New ISC2 CEO Scott Beale plans to leave an impression on the cyber community

And if you don’t know, now you know.

At least, that’s what new ISC2 CEO Scott Beale hopes to achieve with the cybersecurity certification organization’s members, who he said are largely unaware of the impact ISC2 has on the broader industry.

“ISC2 has been doing a lot of work around advocacy, working with national and state governments in the US and around the world to make sure that laws are being passed in a way that is informed by cybersecurity workers,” Beale said. “It is an incredible benefit to the world. It also benefits members, benefits governments and nonprofits, but it is not something that people even really know a lot about.”

Beale—who became ISC2 CEO in January, succeeding acting CEO Debra Taylor—has over 25 years of experience in government and nonprofits. However, he isn’t letting his non-traditional cybersecurity background hold him back from making an impact at the professional training organization.
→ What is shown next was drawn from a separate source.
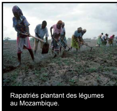
Rapatriés plantant des légumes au Mozambique.

La présente publication expose les conclusions de la conférence parlementaire régionale dont le thème était « Réfugiés en Afrique : défis en matière de protection et solutions », organisée conjointement par le Haut Commissariat des Nations Unies pour les réfugiés (HCR) et l'Union parlementaire africaine, à Cotonou au Bénin, du 1 er au 3 juin 2004. La conférence est née de l'invitation faite au HCR

IT Brew caught up with Beale to discuss his top priorities for the organization and how he plans to win the hearts of its members.
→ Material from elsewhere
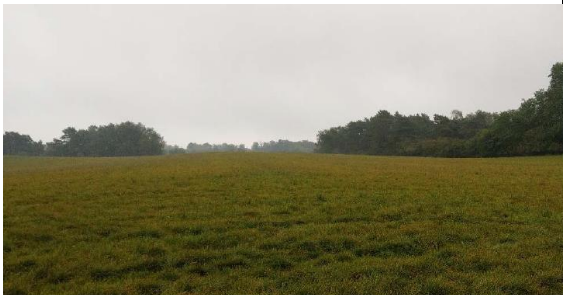
Abbildung 1-10: Ausgangssituation

Responses below have been edited for length and clarity.

How will your background in the government and nonprofit sector shape how you lead ISC2?

I’ve always taken roles that are mission-driven, that are trying to make the world a better place, and so that is 100% true here at ISC2…What matters to me is what is the purpose, what is the mission of the organization. And so leading mission-driven organizations, leading mission-driven teams is different than other aspects of leadership or executive leadership. I have a lot of experience in working with, especially, international teams, including remote teams—ISC2 is a remote-first organization. And so, I hope to bring that experience in, motivating teams and inspiring them, [and] setting clear goals.

For example, when I was at Peace Corps and I ran global operations, I started at the time when the agency had brought back all of its volunteers because of Covid, and there was a real forced mandate to reflect on how Peace Corps did its work, and what we should keep that was core to the work that Peace Corps had done for 60 years…And you know, in ISC2, I feel like there’s a little bit of the same, hopefully not as traumatic as Covid was in disrupting workforce trends…But there’s real concern about how the world is changing, and how we make sure that ISC2 remains the gold standard, the absolute best certification, best community, best training, to really prepare people for careers in cybersecurity, and to strengthen organizations for all of the cyber risks that exist out there.

How do you plan to build credibility with the cybersecurity community? I saw you already got your Certified in Cybersecurity (CC) credential from ISC2.

Yes, I did. I got my CC from ISC2, which I was quite proud of…A lot of building credibility comes from listening first. And that’s true, even if I was an expert in the field. I would really want to understand the organization and the community, especially a membership association, as fully as possible before really articulating ambitious goals or dreams or directions, even if they’re ones that are coming from the board. I would really want to understand the community itself.

So, getting the certification was an early first step for me, even before I got the job, and I’m definitely going through a listening tour, meeting with our staff around the world, our chapters around the world, [and] of course, the board, but even folks who aren’t members of ISC2, too. There are a lot of ways to do that. Conferences and events are certainly one of them, but I’ve been really active on LinkedIn and engaging folks and it’s just an incredible opportunity to even hear your critic and say, “Well, tell me more. Tell me more about that. Why are you upset about that aspect of ISC2? Why are you concerned about that aspect of cybersecurity?” Because I have this great position to be in where I can ask questions and I don’t need to be defensive. I don’t need to change their mind. I’m just in a learning process.

Are there any ways organizations should rethink hiring requirements to attract non-traditional talent as the industry juggles with a talent shortage?

Yes, there’s a talent shortage, but there’s also a skills shortage that a lot of organizations are facing right now in cybersecurity. So, from the candidates’ perspective, it’s even more important to be able to take certifications, take continuing education, pursue vehicles that demonstrate your knowledge, skills, and ability, like certifications from ISC2 or other ways you can demonstrate your skills and background. It’s really, really critical for the candidate, because organizations are going to want, when they’re sorting through people applying for jobs, to be able to really be able to focus on those people who have demonstrated their skills and competence.

Are there any changes that ISC2 members should look forward to under your leadership?

I hesitate to say “changes,” because I know there’s a lot of work that’s already been done over the over the last number of years, and and I’m really benefiting in joining ISC2 in a moment of strength, where the organization’s in a really strong position with excellent leadership and a strong staff, [and] really solid board and members around the world.

That being said, some of the areas that I hope to continue to focus on is really making sure that ISC2 remains very member-focused. What do our members need to continue to advance in their careers, to get promotions, to define new positions? How can we make sure that our continuing education and our certifications, and even certificates that we’re offering are relevant and helpful for them, as technology is changing between AI and quantum and other changes that exist kind of in the broader ecosystem? So, we are reaffirming our commitment to listening and to leading and really making sure that our members are getting real value for their membership. I’m not sure if that’s a dramatic change from the past, but it’s an important part of the leadership I hope to bring, and that the board and the staff are really very committed to.